I wandered up the hill to the track when I reached campus. The meet had already begun, and I had missed both the first relay and the 1,500. I spied Coach Parvis and hastened across the infield toward him. I was not on the team anymore, so that was technically a no-no. Fuck that noise; I had a new superpower! Alumni are never told no...
"Coach!" I called out, timing my approach to when he was momentarily alone. "I hear you are deserting your post!"
"Mr. Taylor!" he said, his usually languid expression broken by a surprised smile. "This is a surprise. Are you still running?"
"I am," I said. "I haven't run a race since I won that 3,000 right here, but I still train about three to four mornings a week."
"Good! Still working on your German?" he smirked.
I just rolled my eyes at that. Parvis had taught me German 1 and 3. He knew how 'motivated' I was about foreign languages.
We talked for a bit, but mostly about kids I knew from before who were still at school and still on his team. Some were progressing. Some were not. I was just glad to be there talking to the one man who was most responsible for who I had become, outside my father of course. It had been worth the 3,000 mile flight.
"Well," he said suddenly, looking over my shoulder. "Look who else we have here!"
Great.
I sighed and told myself to be glad I had had Parvis to myself for as long as I had. Some other former runner of his must have shown up, probably somebody with kids of their own at the school now, and I was going to lose The Man's undivided attention. That was how these things went, right?
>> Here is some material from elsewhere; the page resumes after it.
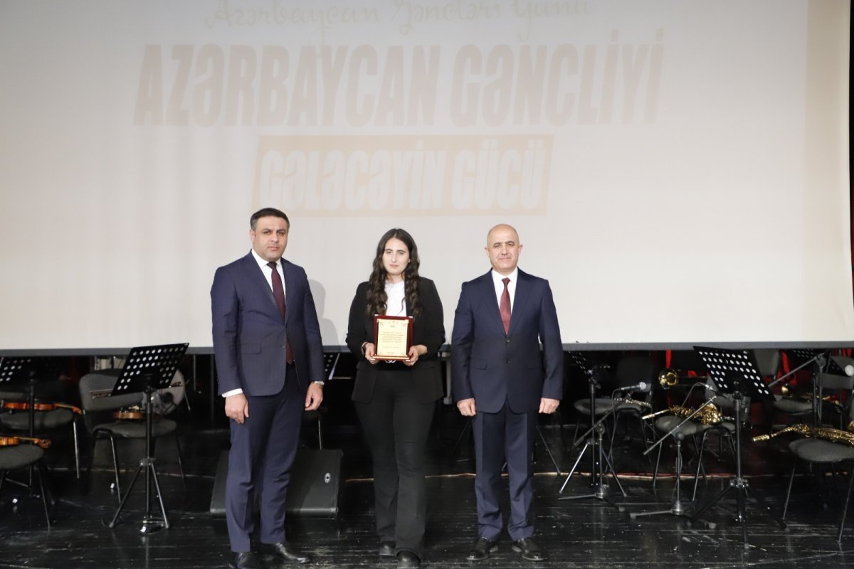 Daha sonra müxtəlif sahələrdə fərqlənmiş gənclər, o cümlədən gənclərlə iş sahəsində fəal əməkdaşlığı olan təşkilatların nümayəndələri mükafatlandırlıblar. Mükafatlar nazir müavini Məcid Seyidov və Nazirlər Kabineti Aparatının Humanitar məsələlər şöbəsinin müdiri Tarverdi Məmmədov tərəfindən təqdim olunub.

You would be talking to the man of the hour, and someone else would come up to 'just say hello', naturally dispacing whomever they had been talking to before, 'just for a moment.' Then someone else would arrive, and the first person would be lost altogether.
I turned politely, feeling preemptively jealous.
Bridget.
She walked up to us, her steps quickening when she saw me. She looked just like I remembered her. Loose jeans and a baggy school hoody, with her flaming red curls pulled up in a messy bun. The bun was a new thing. But to look at her, you would never know the raging beauty she was beneath those clothes.
My body wanted to respond to seeing her with, um, joy. But my mind already knew what was going on in my friend's life.
"Coach Parvis! I'm so glad I managed to get a train," Bridget said happily. "And how the heck did you find a way to show up all the way from California, Alistaire?"
We traded a look that was... fraught. Then we turned back together to the man we were both here to see. I was not to be displaced after all. The three of us chatted amiably, but there was a distinct tension between Bridget and me. Now I somehow wanted to ditch Parvis and talk only to her. It was pure instinct. But if Bridget and I spoke alone, we would just end up talking about her boyfriend Sammy. I was here for Parvis. And I honestly had zero desire to discuss Bridget's boyfriend regardless.
This was why I don't do jealousy. Jealousy sucks, apparently.
"I heard you made the Penn cross-country team, Bridget," Parvis said. "Did you try for track as well?"